- **Try it**
For the records below, copy exactly the span that begins at the line containing "Our Stonewash Grim" and stops after the line containing "<p>Questão 8/10 - Ferramentas", minus any pictures.

- **Material to process**

═══

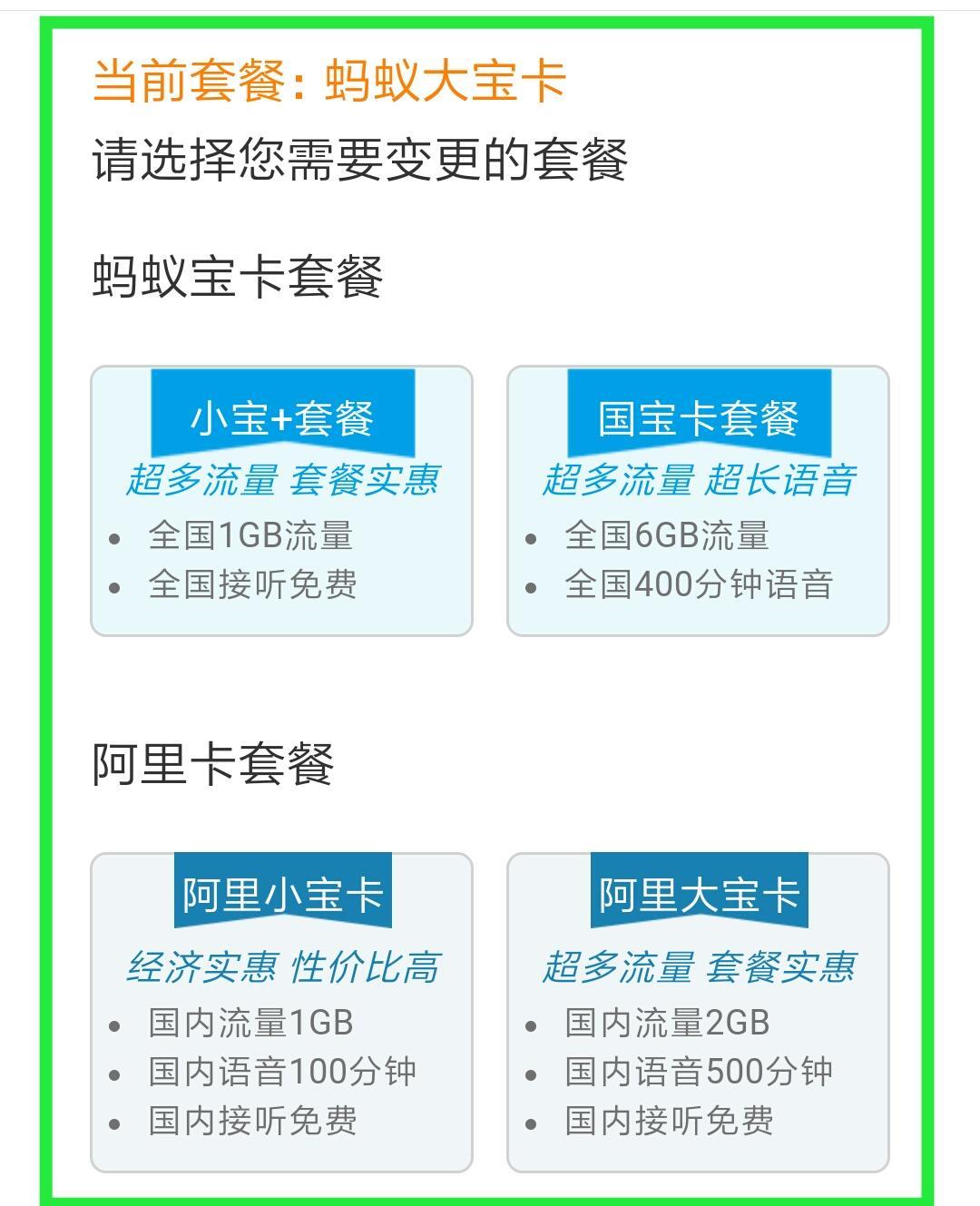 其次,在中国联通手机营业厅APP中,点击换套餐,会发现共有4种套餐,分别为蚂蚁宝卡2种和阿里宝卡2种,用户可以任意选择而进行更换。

═══

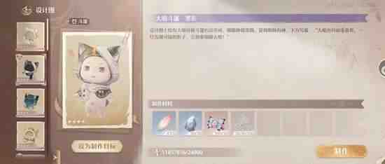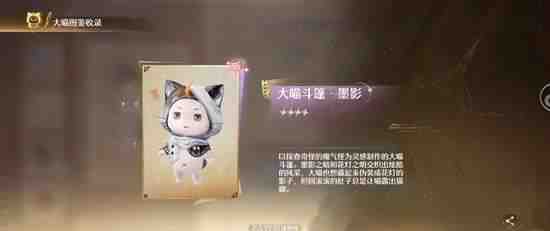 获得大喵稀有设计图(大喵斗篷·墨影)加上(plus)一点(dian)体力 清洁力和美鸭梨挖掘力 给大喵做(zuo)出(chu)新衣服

═══

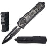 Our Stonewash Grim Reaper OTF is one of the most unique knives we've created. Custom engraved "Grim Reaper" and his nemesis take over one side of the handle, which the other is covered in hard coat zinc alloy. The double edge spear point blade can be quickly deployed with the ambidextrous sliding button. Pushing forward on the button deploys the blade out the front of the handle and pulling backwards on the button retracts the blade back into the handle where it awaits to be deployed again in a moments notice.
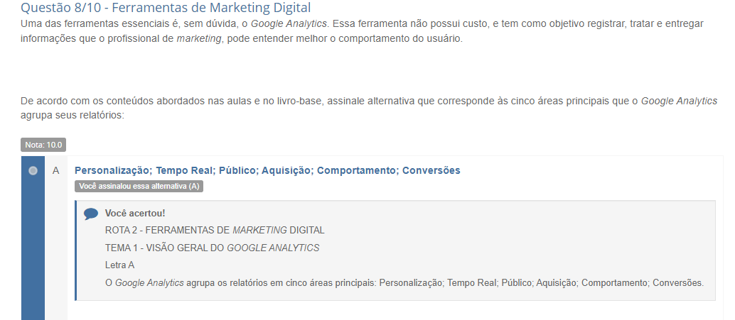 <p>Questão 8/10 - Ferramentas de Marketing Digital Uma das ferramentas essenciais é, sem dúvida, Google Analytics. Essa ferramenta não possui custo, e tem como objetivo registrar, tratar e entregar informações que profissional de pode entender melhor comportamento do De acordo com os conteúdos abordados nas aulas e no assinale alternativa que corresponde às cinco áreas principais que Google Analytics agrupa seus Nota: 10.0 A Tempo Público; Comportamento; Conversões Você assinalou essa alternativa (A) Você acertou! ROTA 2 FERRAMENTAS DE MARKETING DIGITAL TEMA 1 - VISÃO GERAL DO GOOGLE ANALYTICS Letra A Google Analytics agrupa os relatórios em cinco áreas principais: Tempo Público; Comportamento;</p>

═══

- **Task solution**
 Our Stonewash Grim Reaper OTF is one of the most unique knives we've created. Custom engraved "Grim Reaper" and his nemesis take over one side of the handle, which the other is covered in hard coat zinc alloy. The double edge spear point blade can be quickly deployed with the ambidextrous sliding button. Pushing forward on the button deploys the blade out the front of the handle and pulling backwards on the button retracts the blade back into the handle where it awaits to be deployed again in a moments notice.
 <p>Questão 8/10 - Ferramentas de Marketing Digital Uma das ferramentas essenciais é, sem dúvida, Google Analytics. Essa ferramenta não possui custo, e tem como objetivo registrar, tratar e entregar informações que profissional de pode entender melhor comportamento do De acordo com os conteúdos abordados nas aulas e no assinale alternativa que corresponde às cinco áreas principais que Google Analytics agrupa seus Nota: 10.0 A Tempo Público; Comportamento; Conversões Você assinalou essa alternativa (A) Você acertou! ROTA 2 FERRAMENTAS DE MARKETING DIGITAL TEMA 1 - VISÃO GERAL DO GOOGLE ANALYTICS Letra A Google Analytics agrupa os relatórios em cinco áreas principais: Tempo Público; Comportamento;</p>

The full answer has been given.